ViviPru · 05/08/2012 18:12

Totally agree with everything LWitW says. Thank you for articulating (much more succinctly than I could have) precisely what I would liked to have contributed to this

Kiwiinkits · 05/08/2012 18:52

It's easy to feel like you feel, WoodlandHills, only two years into a marriage. Come back in six or seven years and tell us whether you still only have eyes for your DH. I guess all I'm saying is that all marriages go through ebbs and flows. The trick is to ride out the ebbs without resorting to dishonest and hurtful behaviour.

WoodlandHills · 05/08/2012 19:05

It's a shame that the ecstasy of falling in love, the butterflies, the excitement and exhillaration of being with that person, fall on the wayside as life progresses. Not everybody would agree with that but I would say that the high octane adrenaline rush isn't sustainable and I don't believe people who say that it is; it's a physiological thing

^^ This

If this could be sustained I very much doubt affairs would happen

DH and I still have this to a certain extent, but nowhere near as strong as it was in the beginning. I believe it is very rare. I have certainly never had "it" past about 3 - 6 months in past relationships.

OP posts:
GhostShip · 05/08/2012 19:12

If they're going to do it they'll do it.

I wouldn't want to 'cheat proof' my relationship. They should stay faithful because they want to not because they have to and have no opportunity to cheat.

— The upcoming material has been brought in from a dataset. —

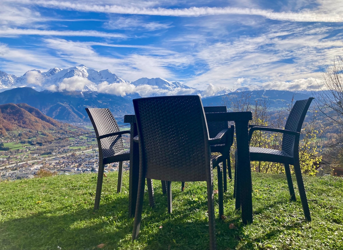 Soyez les bienvenus au pays du Mont Blanc! Nous vous accueillons sur le coteau de Sallanches, face à l’emblématique chaîne du Mont-Blanc et à la chaîne des Fiz, avec une vue à couper le souffle. Vous disposerez d'un appartement confortable, totalement indépendant, doté d'une chambre séparée. Vous bénéficierez également d'une terrasse privative. Nous aurons à coeur de vous guider dans le choix de vos activités et de tout faire pour que vous vous sentiez comme à la maison!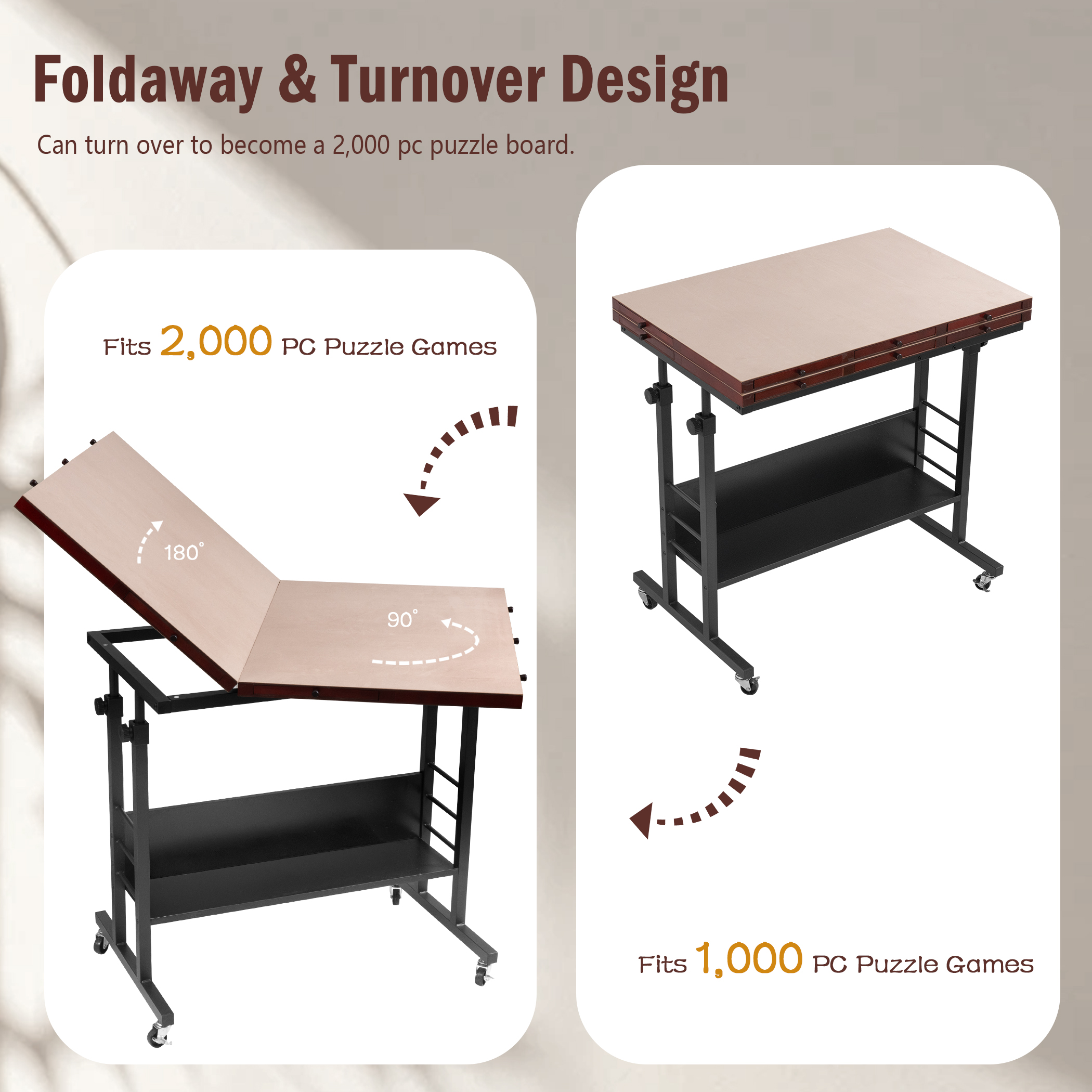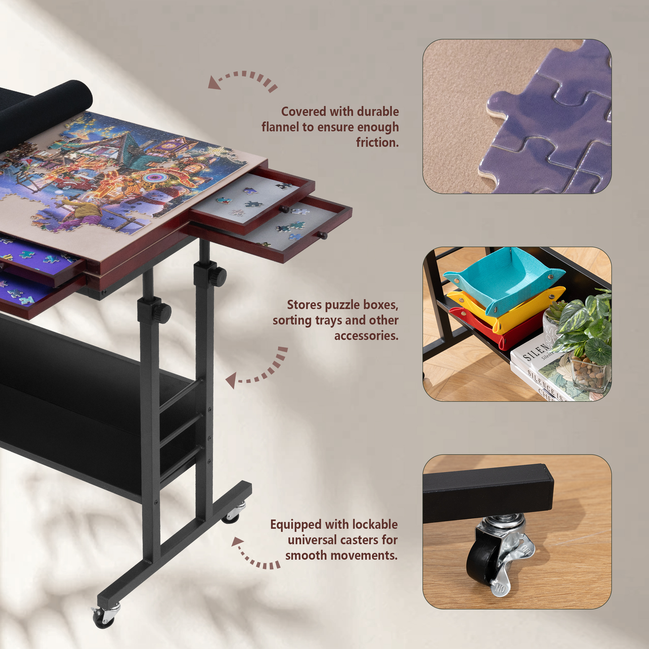 - 8 Drawers & 4 Casters – The inside of the puzzle board are 8 drawers enclosed which allow you to sort puzzle pieces by the color, pattern or shape and ensure you with higher game efficiency. The bottom shelf provides extra space to store your puzzle boxes and other puzzle accessories. Also equipped with 4 casters to make it easy to move the puzzle table anywhere you want, as well as immobilizes and stabilizes the table.

MammaTJisanOlympicSumoWrestler · 05/08/2012 19:18

I never in a millions years would have thought my ExH would have cheated on me. I made it very clear that it would not be acceptable.

He had been married to his first wife for 10 years when they split. I think he started shutting down to her and she had an affair. Of course, to him, it was all her fault, she was the one who had the affair. I believed it until 5 months before he left me. He started shutting down to me. I think he was aiming to push me in to an affair, not my style!!

This was after 10 years together. He walked out three weeks before Christmas, denied there was anyone else. Then I got his mobile phone bill!! That told a different story.

He has now been with her for 9 years, I rather think her time may be running out!

panicnotanymore · 05/08/2012 19:55

No you can't. If someone is the type to cheat they will find a way. If they aren't they won't. Unfortunately it isn't possible to identify who will and who won't.

GhostShip · 05/08/2012 19:56

My mum always said 'your (step)dad would walk over broken glass and past a room of naked women before he cheated'. 17 years down the line he shagged the next door neighbour, mum of my brothers friend.

You just never know :(

GhostShip · 05/08/2012 19:58

And I think things change, someone who once wouldn't have cheated won't always be that way.

hermioneweasley · 05/08/2012 20:01

I think if you actively work on your relationship, keep love and sex alive and have open and effective communication, you can decrease the chances of partners getting involved elsewhere.

MammaTJisanOlympicSumoWrestler · 05/08/2012 20:10

hermioneweasley that's all fine and dandy of both of you are enganged in doing that. It does not work as a one sided thing.